Я думал, во мне почти не осталось тщеславия, но, как показал один недавний сон, ошибался. Мне приснилось, что я умер и для меня принесли простой гроб из струганых досок. А я давай орать: «Хоть бы лаком покрыли!» — и бросился на гробовщиков с кулаками. Мы стали драться — тут я проснулся и устыдился.
Выйти из дому, ходить, глядеть по сторонам, сливаться с окружающим — вот подлинное счастье. Сидя мы попадаем в плен к худшему, что в нас есть. Не для того был создан человек, чтобы сидеть прикованным к стулу. Но быть может, лучшего он не заслуживает.
Сегодня, расписываясь на бланке, я словно впервые увидел свою фамилию, как будто не узнал её. День и год рождения — всё показалось мне непривычным, непостижимым, совершенно не относящимся ко мне. Психиатры называют это чувством отчуждения. Если говорить о лице, то мне часто приходится делать усилие, чтобы понять, кто это, — усилие, чтобы с трудом и неприязнью к себе привыкнуть.
К чему нам столько воспоминаний, всплывающих из памяти без видимой на то необходимости, если не для того, чтобы открыть нам, что с возрастом мы начинаем смотреть на свою жизнь со стороны, что эти далёкие «события» уже не имеют к нам никакого отношения и что однажды то же самое произойдёт и с теперешней нашей жизнью?
Какое проклятие поразило Запад, если в период своего расцвета он создает лишь бизнесменов, лавочников и пройдох с пустым взглядом и бессмысленной улыбкой, которых можно встретить повсюду, как в Италии, так и во Франции, как в Германии, так и в Англии? Неужели итогом развития столь тонкой и сложной цивилизации должно было стать появление таких людей? Правда, возможно, через эту гнусность стоило пройти хотя бы ради того, чтобы представить себе другую разновидность человека.

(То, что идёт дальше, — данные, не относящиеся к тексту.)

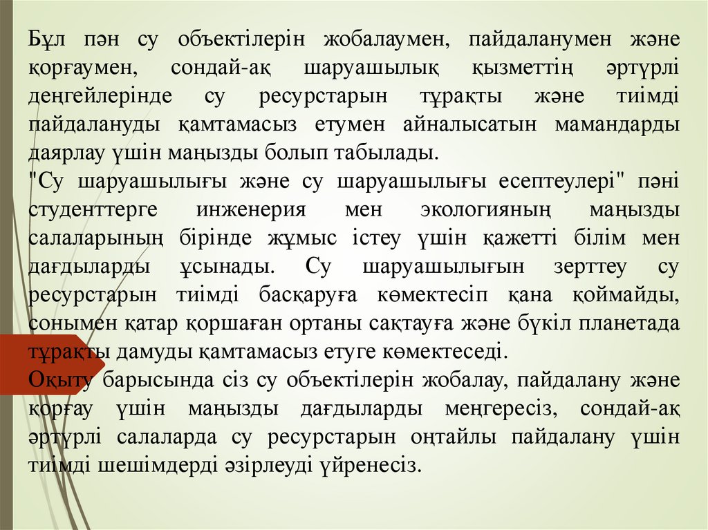 Бұл пән су объектілерін жобалаумен, пайдаланумен жәнеқорғаумен, сондай-ақ шаруашылық қызметтің әртүрлі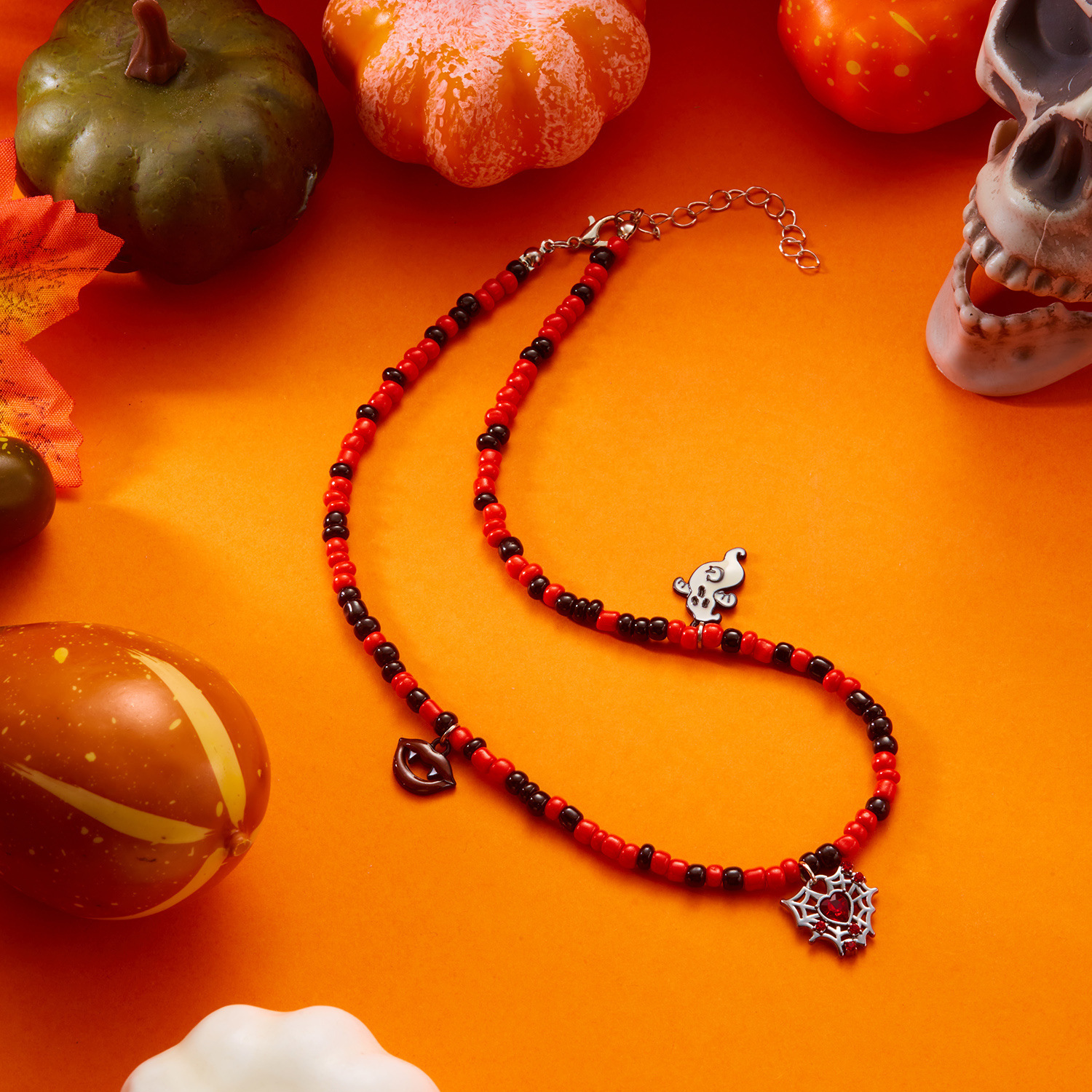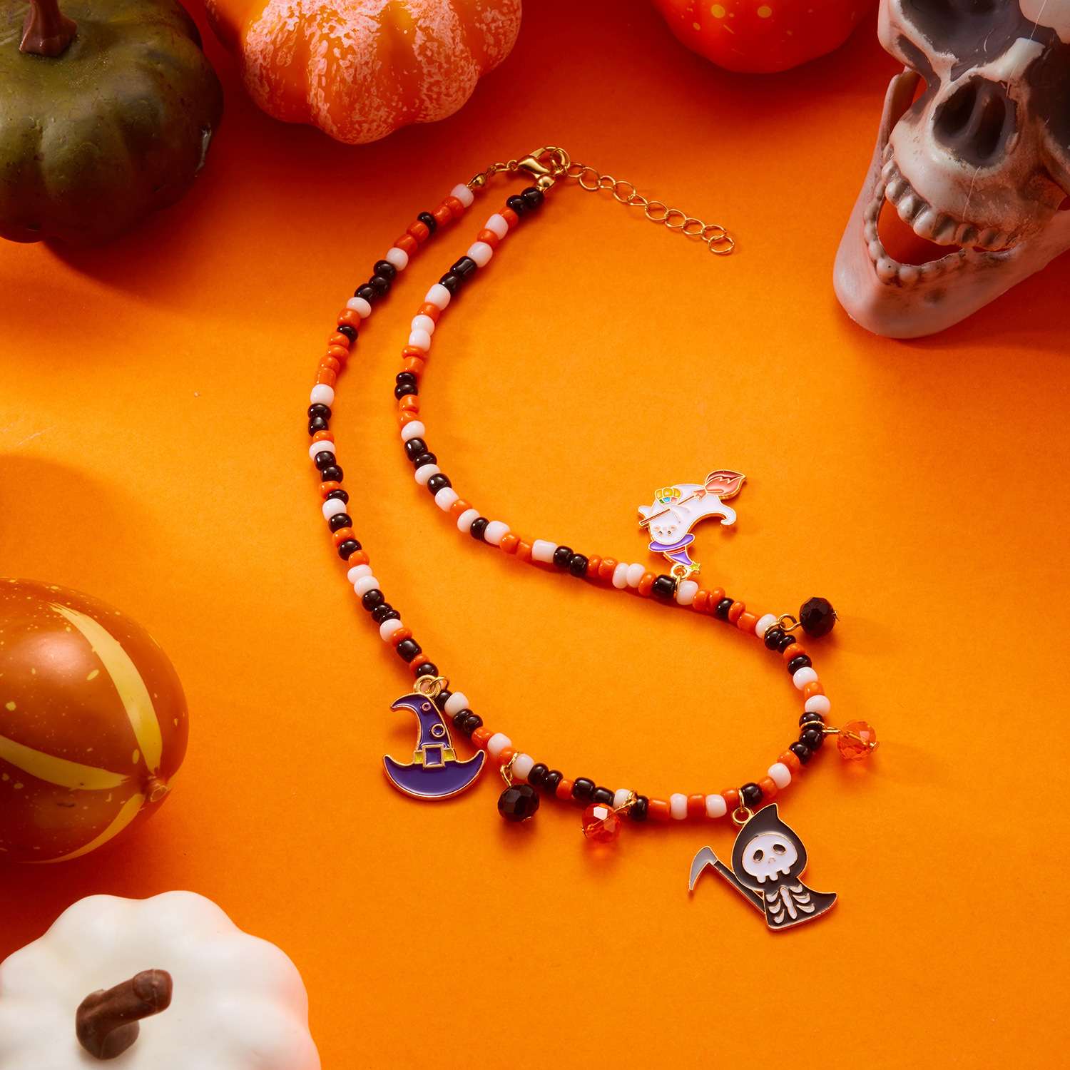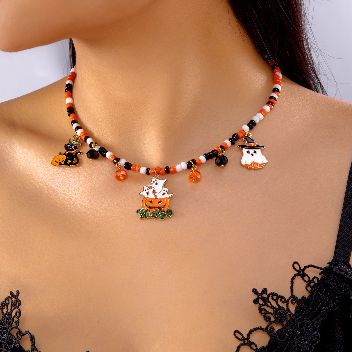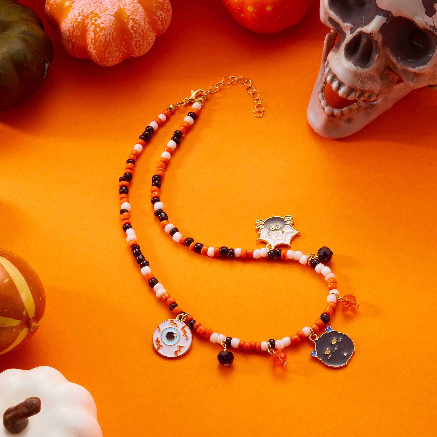 Halloween Jewelry Fashionable and Versatile Pumpkin Color Horror Style Ghost Spider Pendant Handmade Rice Beads Beaded Necklace
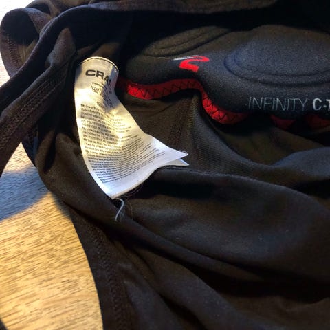 Cykeltøj, Bib tights, Craft korte cykelshorts med pude, bib tights. Str. XXL. Brugt 2 gange. Mørkeblå med lyseblåt Ørsted logo på det ene lår og bag. Kan sendes hvis modtager betaler fragt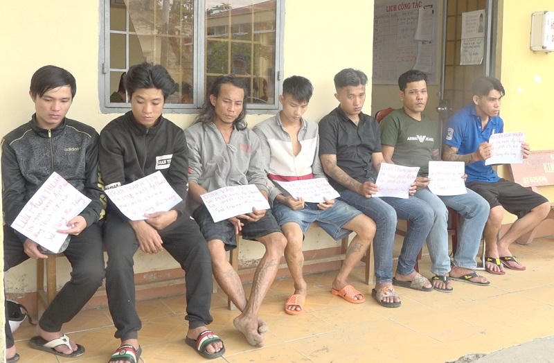 | Đinh Văn Tài (thứ 3 từ trái sang) cùng nhóm thanh niên lúc bị vây bắt về hành vi sử dụng trái phép chất ma túy. |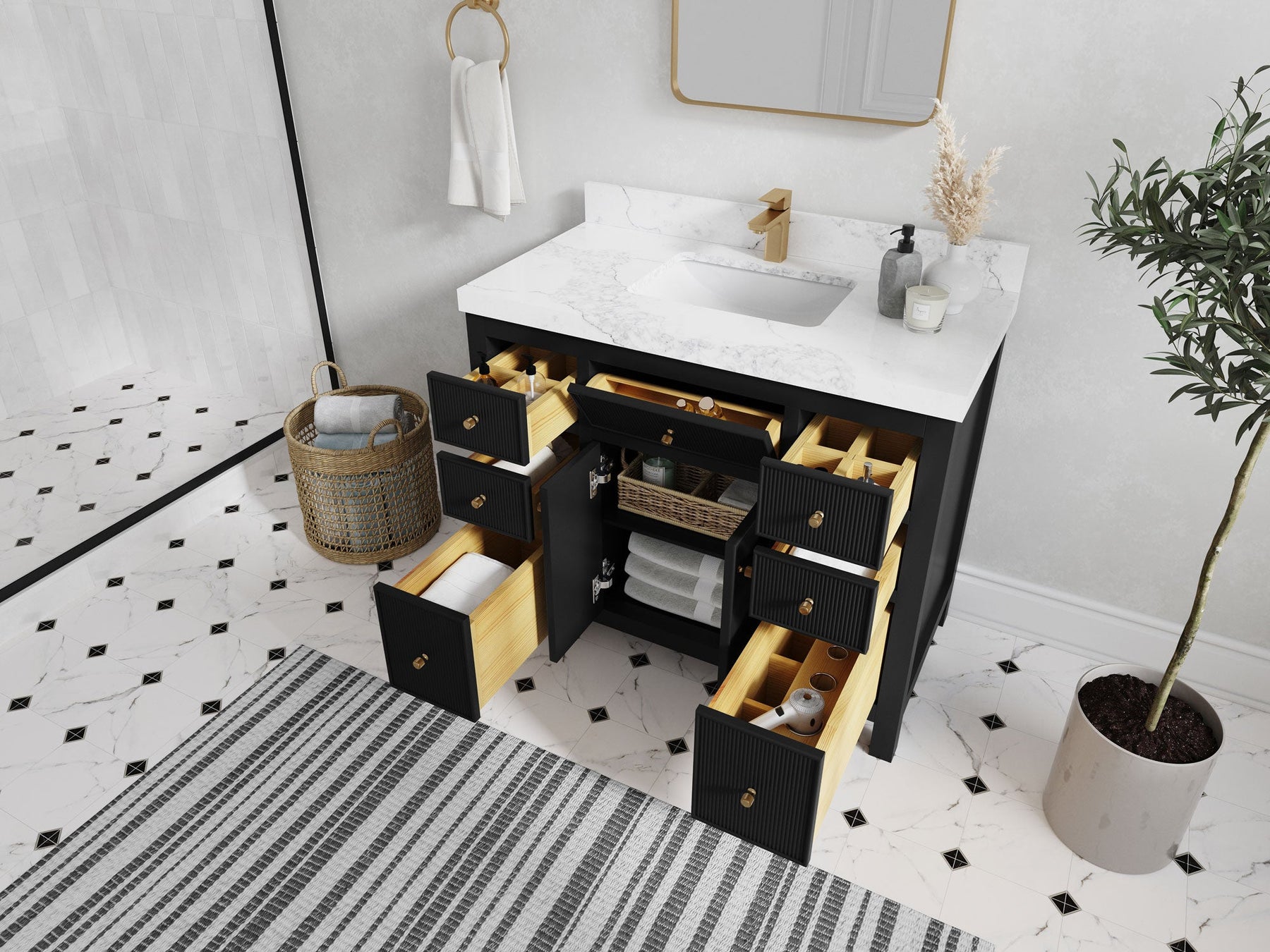 Sonoma 42 in W x 22 in D Free Standing Reeded Single Sink Bathroom Vanity | Black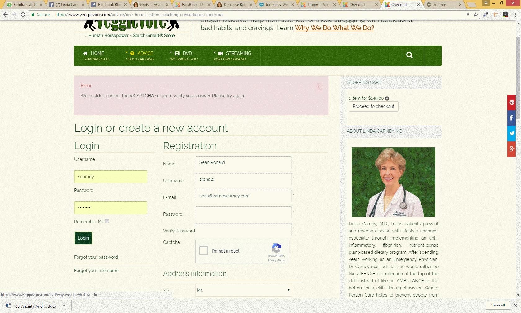 ALSO: I would LOVE to display the ReCAPTCHA once it is working again below the Address Information section. But, when I selected the address option it did not display even the word Captcha which is what is being displayed now.

Только страдание изменяет человека. Все остальные опыты и феномены не могут изменить его сущностный характер или углубить имеющиеся у него определенные предпосылки вплоть до его полного изменения.
Где бы я ни оказался, везде у меня одно и то же ощущение чуждости, бесплодной и бессмысленной комедии, надувательства. И не в других, а во мне самом: я делаю вид, будто интересуюсь тем, на что мне решительно плевать, постоянно - то ли по мягкотелости, то ли приличия ради - играю роль, но все это не я, потому что самое главное для меня - не здесь. Выброшенный из рая, где я найду свой собственный угол, где он, мой дом? Изгнан, навсегда и отовсюду изгнан. Все, что мне осталось, это обломки славословий, прах прежних гимнов, вспышки сожалений.
Без конца размышлять о мире, в котором еще ничто не унизилось до того, чтобы возникнуть, в котором не было желания сознавать, а было лишь предчувствие сознания; о мире, в котором царствовала виртуальность и наслаждение своим «я», предшествующим самому существованию «я»… Вообще не рождаться на свет! Какое счастье, какую свободу, какой простор дарит одна лишь мысль об этом!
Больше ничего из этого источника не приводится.